__Exercise details__. For the data below, restate word for word only the lines from the line containing "Ultra-wideband (UWB) link" through the line containing "Постельное бельё Этель", both ends included.

__Material supplied__.
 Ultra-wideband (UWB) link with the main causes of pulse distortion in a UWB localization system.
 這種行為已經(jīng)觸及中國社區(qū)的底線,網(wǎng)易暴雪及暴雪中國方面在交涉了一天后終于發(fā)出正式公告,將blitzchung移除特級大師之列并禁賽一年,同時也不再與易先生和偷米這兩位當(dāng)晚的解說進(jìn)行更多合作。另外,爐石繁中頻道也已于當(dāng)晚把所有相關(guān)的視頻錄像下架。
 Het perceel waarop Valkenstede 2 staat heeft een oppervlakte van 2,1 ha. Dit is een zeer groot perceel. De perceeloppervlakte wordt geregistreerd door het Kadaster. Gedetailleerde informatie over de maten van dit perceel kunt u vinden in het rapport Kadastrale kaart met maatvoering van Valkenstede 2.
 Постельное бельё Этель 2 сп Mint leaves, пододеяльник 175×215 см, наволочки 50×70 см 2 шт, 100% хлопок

---

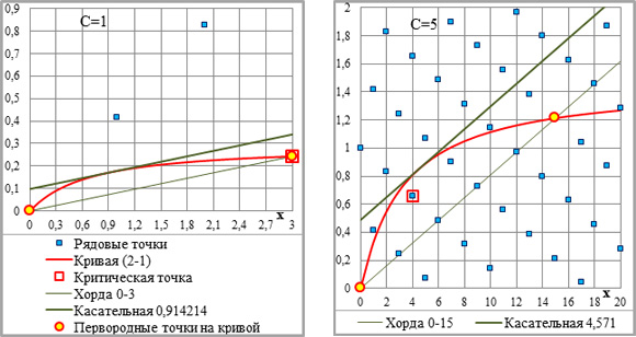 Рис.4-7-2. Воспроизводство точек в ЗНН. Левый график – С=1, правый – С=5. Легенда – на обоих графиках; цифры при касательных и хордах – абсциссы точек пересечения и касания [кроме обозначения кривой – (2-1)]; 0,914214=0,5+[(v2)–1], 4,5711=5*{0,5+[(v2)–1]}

__Written reply__.
 Ultra-wideband (UWB) link with the main causes of pulse distortion in a UWB localization system.
 這種行為已經(jīng)觸及中國社區(qū)的底線,網(wǎng)易暴雪及暴雪中國方面在交涉了一天后終于發(fā)出正式公告,將blitzchung移除特級大師之列并禁賽一年,同時也不再與易先生和偷米這兩位當(dāng)晚的解說進(jìn)行更多合作。另外,爐石繁中頻道也已于當(dāng)晚把所有相關(guān)的視頻錄像下架。
 Het perceel waarop Valkenstede 2 staat heeft een oppervlakte van 2,1 ha. Dit is een zeer groot perceel. De perceeloppervlakte wordt geregistreerd door het Kadaster. Gedetailleerde informatie over de maten van dit perceel kunt u vinden in het rapport Kadastrale kaart met maatvoering van Valkenstede 2.
 Постельное бельё Этель 2 сп Mint leaves, пододеяльник 175×215 см, наволочки 50×70 см 2 шт, 100% хлопок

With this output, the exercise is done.